Not a survey, observing people. But still sampling. Questions of how to be random. This trait may be linked to other traits may need to gather other observations, but arbitrary sample may be appropriate

Variation within and across data sets#

Statistics is teh science of variation and uncertainty of investigating, identifying, measuring, estimating, describing, modelling, attributing, interpreting, minimising and allowing for, variation and uncertainty.

Census data#

  • Collection information from whole population - questions of representativeness do not arise
  • important to identify, describe, investigate and attribute variation are import
  • But mistakes, omissions, non-responses must be considered, estimated, allowed for

Using dot plot and stem-and-leaf plots to visualise the data

Sample data: categorical dat#

Relative frequencies or proportions of the different categories - census data we report % or proportions.

From sample data we're seeking to estimate proportions for a more general situation. Hence variation across different samples can be useful.

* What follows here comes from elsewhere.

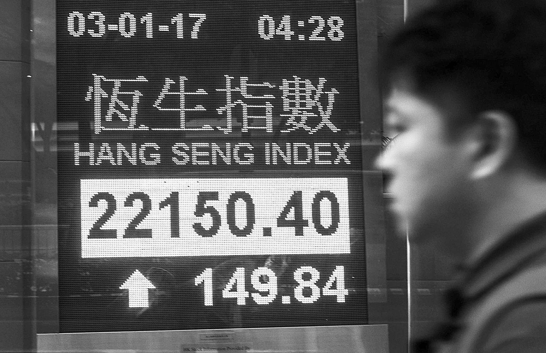 2017年首个交易日,香港股市红盘高收,恒生指数收市上升149.84点,收报22150.40点。图为市民从香港湾仔一家银行的恒生指数电子显示屏前走过。吕小炜/摄
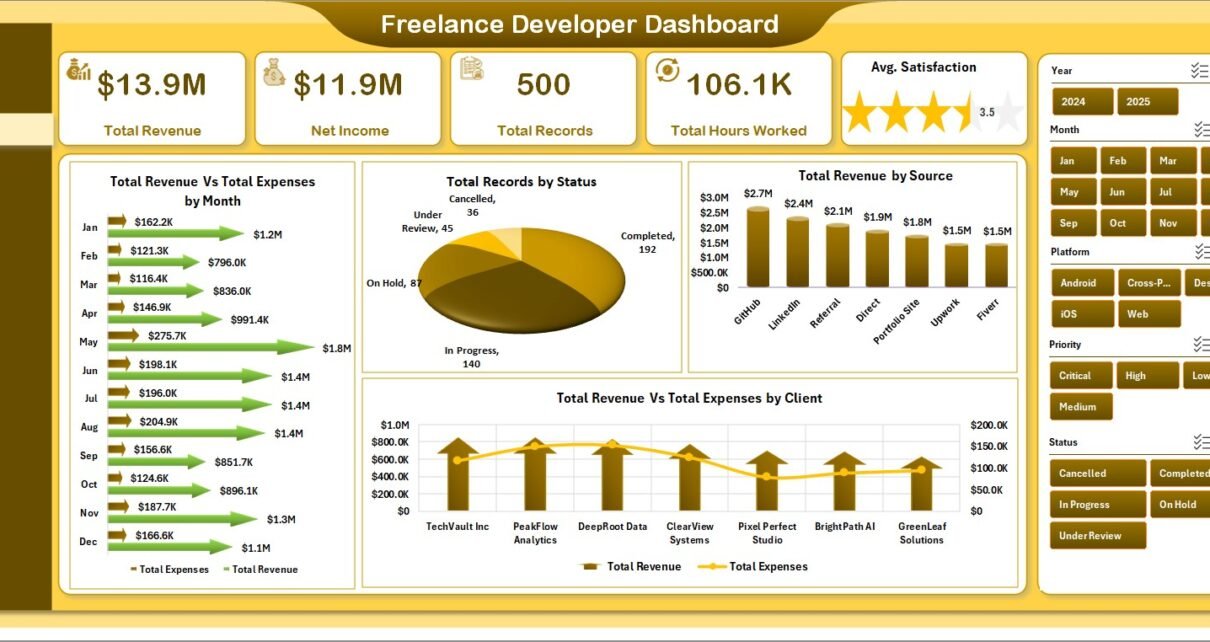 The Freelance Developer Dashboard in Excel tracks 5 headline KPIs: Total Revenue, Net Income, Total Records, Total Hours Worked, and Avg. Satisfaction. All KPI cards recalculate when slicers are applied, so you can filter the entire dashboard to a single client, status, or technology stack in two clicks.

  • Are our samples representative of the general situation/what are our samples representative of?
  • Can the variation observed be attributed/explained by other variables?

e.g. since which thumb on top has a genetically dominant trait we don't need entirely random, just need to avoid all close relatives

Random samples will always have sampling variability. Shows an example of 100 different samples showing variability from 30 to 80%. Goes onto show that the variability is reduced as the sample size increases, but it has to increase quite high.

Argument is we need a lot of data to accurately estimate proportions. Must always report how many observations collected, how collected, and can say only what the % was in our data

Sample data: continuous data#

Interested in variation both

  • within the sample
  • between samples

Students estimating time - variation occurs for multiple reasons, including conditions.

Explain variability#

This can be of an interest. For multiple reasons. But beyond the scope here??